Anyway, this referee can corroborate that Lyme borreliosis-mimicking symptoms present a neglected yet sporadically encountered diagnostic problem even beyond Australia in LB-endemic areas - e.g. rarely developing in patients positively bitten by insects, not ticks - which hasn't so far been satisfactorily answered, and advocates therefore for publication of this matter as a contribution to filling that gap.


Minor issues:

P1,L4: full stop in U.S.A. (USA ?)

P1,L33 : like a name of any other infection ending in '-osis', "borreliosis" is commonly typeset in lower case letters - check it throughout the manuscript, pls

P7, L286: delete "or dependent", pls. ('dependence' implies causality which no statistical test can prove..)

P15,L650+4: "CV" should read "CV%" as defined on p.6,l.256

P16-23: the list of references seems to be overly extensive (ca. one third of the article's space is occupied by references!) - approaching some state-of-the-art reviews - the authors may consider its thinning ..

P17,L694: check the author or indicate as "Anonymous", pls

P18,L723: lowercase the names of authors, pls.

P19,L750: ditto

Suppl. Tab.2: Pls., insert spaces or thicken the vertical lines separating the POS/NEG/R2 triplets of columns to be easily distinguished on both pages; the bottom CV% in the first column is just a fill and could be omitted..

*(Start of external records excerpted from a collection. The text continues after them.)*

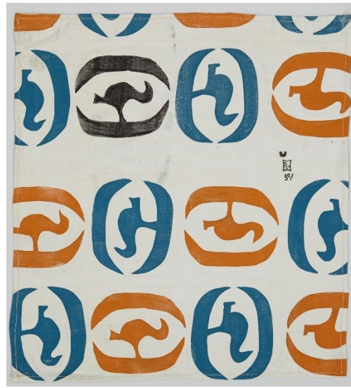
Figure 9 Sheouak Petaulassie (1918–1961), sample (L 44 x W 44 cm) cotton polyester broadcloth, stencil printed

There are examples in the collection of the experimental use of stencils and brush to apply designs (see Figures 8 and 9). In some of these printed with stencils, the repeats are not uniformly placed, and there are uneven applications of the colour. These examples are a valuable
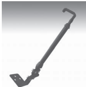
SCREEN SUPPORT - ACD

The Brace Kit attaches to the stand providing additional support. It can be adjusted in length and mounts to flat, vertical or angled surfaces.
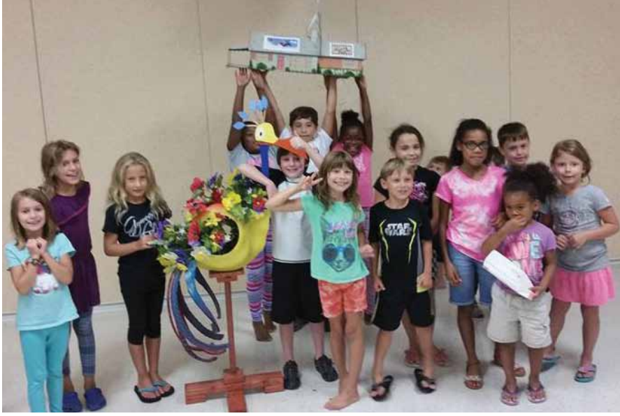
The kids enjoyed making crafts -- and showing them off!
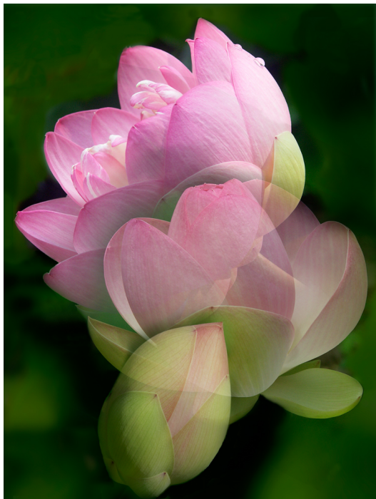
Color Print by Barb Staggs
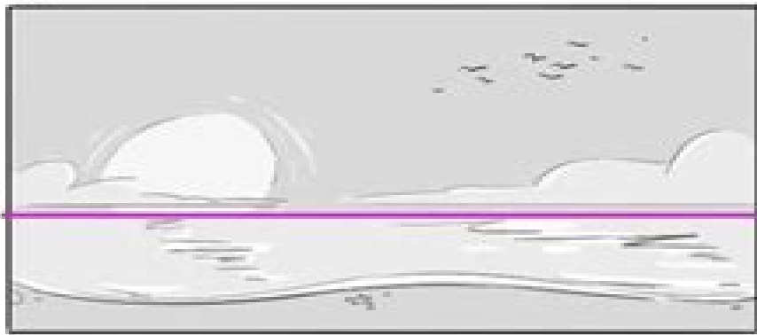
low horizon line
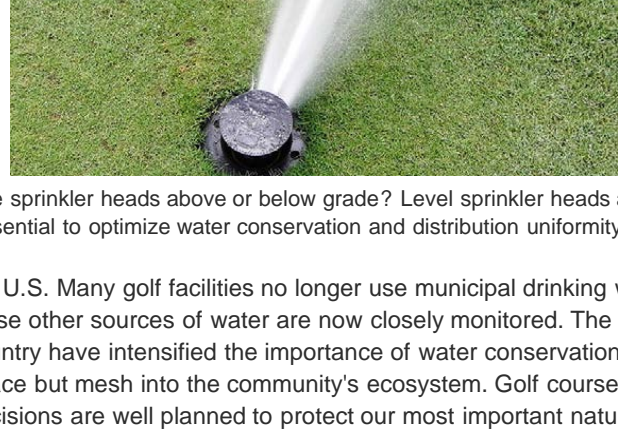
Are sprinkler heads above or below grade? Level sprinkler heads are essential to optimize water conservation and distribution uniformity.

Numerous issues challenge the game of golf today, including improving pace of play, growing the game, lowering costs to make golf more affordable and making the game more fun for players of all types. However, arguably the biggest challenge facing golf is water use. Efforts have long been underway to help reduce water used to maintain golf turf. A goal of the USGA for decades, both through the Turfgrass and Environmental Research Program and Course Consulting Service, has been to reduce the amount of water used on golf courses. Several examples, just to name a few, include breeding more drought-tolerant turfgrasses and promoting sound agronomic management practices.
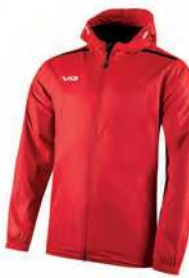
Red/Black Youth: 302476 Adult: 302475
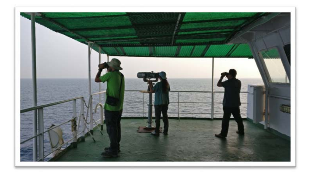
Figure 11. Observers on "Big Eyes" and handheld binoculars.

Suppl. Tabs 8 and 9: Pls., in order to make it explicit and avoid confusion of the reader, explain in the header what the "Agreement?" classification means, and either delete the two void rows (N/As) or (better?) append one to make the Tabs consistent..  

 

Comments on the Quality of English Language

this referee isn't a native English speaker

Author Response

Reviewer 1 comment 1

P1,L4: full stop in U.S.A. (USA ?)

Author response 1

Corrected to USA in line 257.

 

Reviewer 1 comment 2

P1,L33 : like a name of any other infection ending in '-osis', "borreliosis" is commonly typeset in lower case letters - check it throughout the manuscript, pls

Author response 2

Lyme borreliosis has been applied throughout the manuscript.

 

Reviewer 1 comment 3

P7, L286: delete "or dependent", pls. ('dependence' implies causality which no statistical test can prove..)

Author response 3

Removed “or dependent” when describing the use of Fisher’s exact test throughout the manuscript.

 

Reviewer 1 comment 4

P15,L650+4: "CV" should read "CV%" as defined on p.6,l.256

Author response 4

Corrected in the abbreviations section and throughout the manuscript.

 

Reviewer 1 comment 5

P16-23: the list of references seems to be overly extensive (ca. one third of the article's space is occupied by references!) - approaching some state-of-the-art reviews - the authors may consider its thinning

Author response 5

We appreciate the comment; however, given the emerging nature of this field, we believe it is important to retain the current references to ensure statements are well supported. Many cited works are Australian tick-borne disease studies that are underrepresented in the literature, and their inclusion helps provide necessary context for our findings.

 

Reviewer 1 comment 6

P17,L694: check the author or indicate as "Anonymous", pls

Author response 6

Author in reference 25 corrected.

 

Reviewer 1 comment 7

P18,L723: lowercase the names of authors, pls.

Author response 7

Reference 30 corrected.

 

Reviewer 1 comment 8

P19,L750: ditto

Author response 8

Reference 41 corrected.

 

Reviewer 1 comment 9

Suppl. Tab.2: Pls., insert spaces or thicken the vertical lines separating the POS/NEG/R2 triplets of columns to be easily distinguished on both pages; the bottom CV% in the first column is just a fill and could be omitted

Author response 9

Dashed vertical lines have been added in Table S2 to separate POS/NEG/R2.

 

Reviewer 1 comment 10

Suppl. Tabs 8 and 9: Pls., in order to make it explicit and avoid confusion of the reader, explain in the header what the "Agreement?" classification means, and either delete the two void rows (N/As) or (better?) append one to make the Tabs consistent.

Author response 10

Agreement has been explained in Table S8 and S9 headers.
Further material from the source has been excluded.